* INSTRUCTIONS TO FOLLOW *
Your output must be the lines below from the line containing "Gold potli bag" to the line containing "This highly breathable", both lines included, reproduced exactly and without pictures.

* PROVIDED RECORDS *
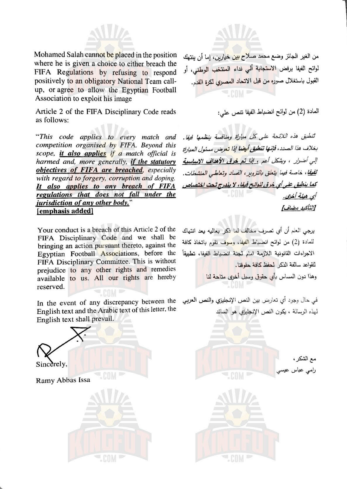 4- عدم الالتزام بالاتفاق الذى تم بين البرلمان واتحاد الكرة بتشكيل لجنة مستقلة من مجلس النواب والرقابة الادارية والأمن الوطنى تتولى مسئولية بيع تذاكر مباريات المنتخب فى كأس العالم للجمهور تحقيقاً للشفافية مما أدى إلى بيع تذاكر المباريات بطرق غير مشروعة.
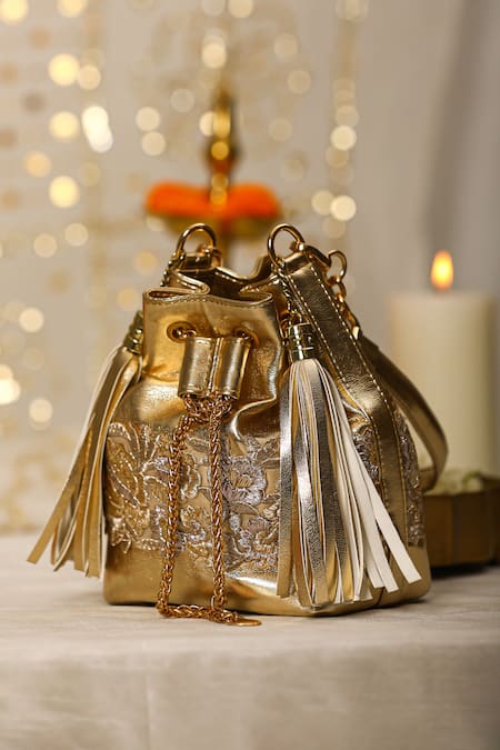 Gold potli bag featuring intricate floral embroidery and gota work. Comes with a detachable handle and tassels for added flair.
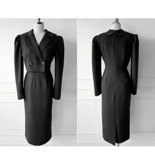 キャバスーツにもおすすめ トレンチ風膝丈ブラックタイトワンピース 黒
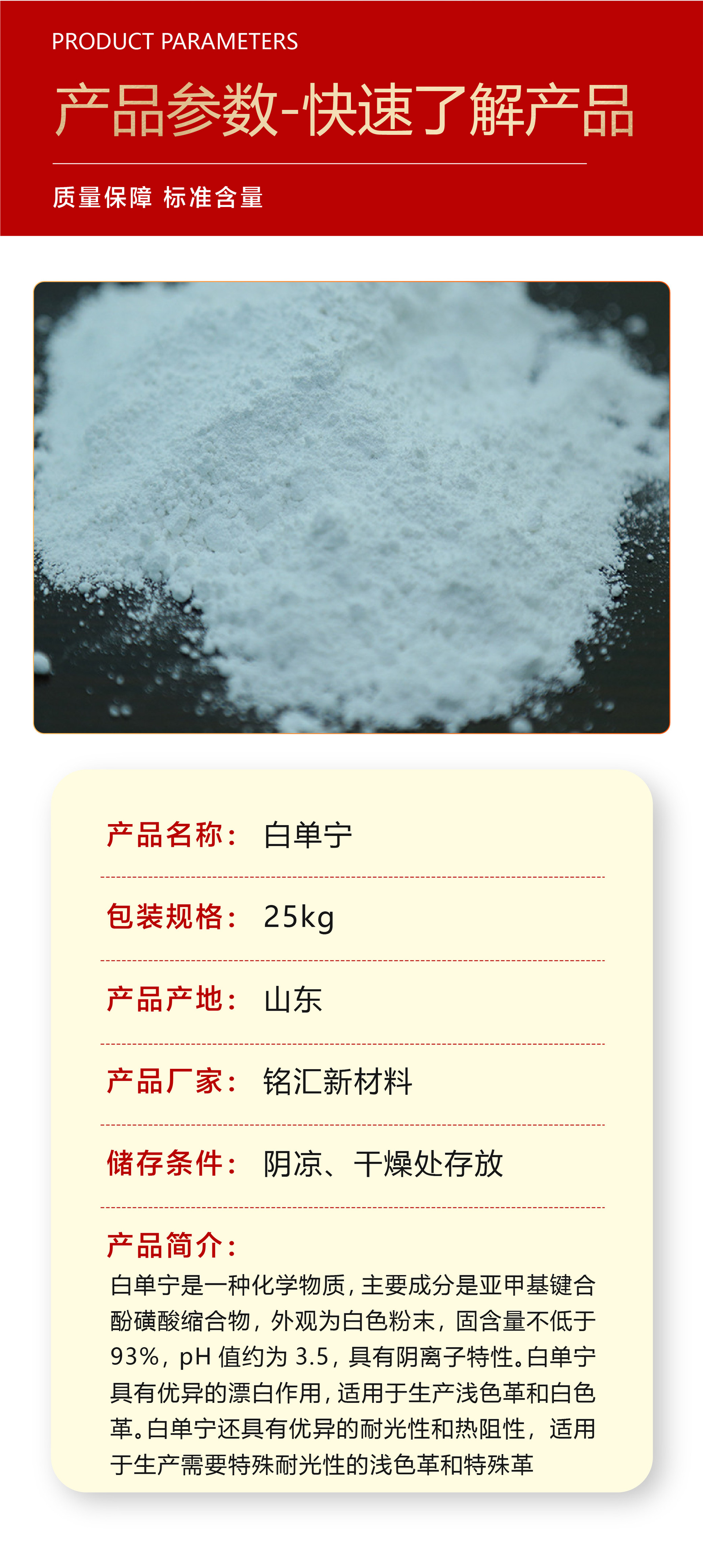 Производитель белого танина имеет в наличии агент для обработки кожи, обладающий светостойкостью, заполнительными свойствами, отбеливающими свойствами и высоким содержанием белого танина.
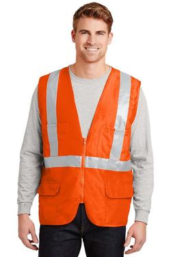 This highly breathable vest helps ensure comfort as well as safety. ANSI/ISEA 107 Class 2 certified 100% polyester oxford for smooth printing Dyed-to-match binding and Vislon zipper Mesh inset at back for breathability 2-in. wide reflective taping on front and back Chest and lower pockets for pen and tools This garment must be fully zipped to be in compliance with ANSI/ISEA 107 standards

--

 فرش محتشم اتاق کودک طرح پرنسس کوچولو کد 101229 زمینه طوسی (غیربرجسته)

* TASK ANSWER *
 Gold potli bag featuring intricate floral embroidery and gota work. Comes with a detachable handle and tassels for added flair.
 キャバスーツにもおすすめ トレンチ風膝丈ブラックタイトワンピース 黒
 Производитель белого танина имеет в наличии агент для обработки кожи, обладающий светостойкостью, заполнительными свойствами, отбеливающими свойствами и высоким содержанием белого танина.
 This highly breathable vest helps ensure comfort as well as safety. ANSI/ISEA 107 Class 2 certified 100% polyester oxford for smooth printing Dyed-to-match binding and Vislon zipper Mesh inset at back for breathability 2-in. wide reflective taping on front and back Chest and lower pockets for pen and tools This garment must be fully zipped to be in compliance with ANSI/ISEA 107 standards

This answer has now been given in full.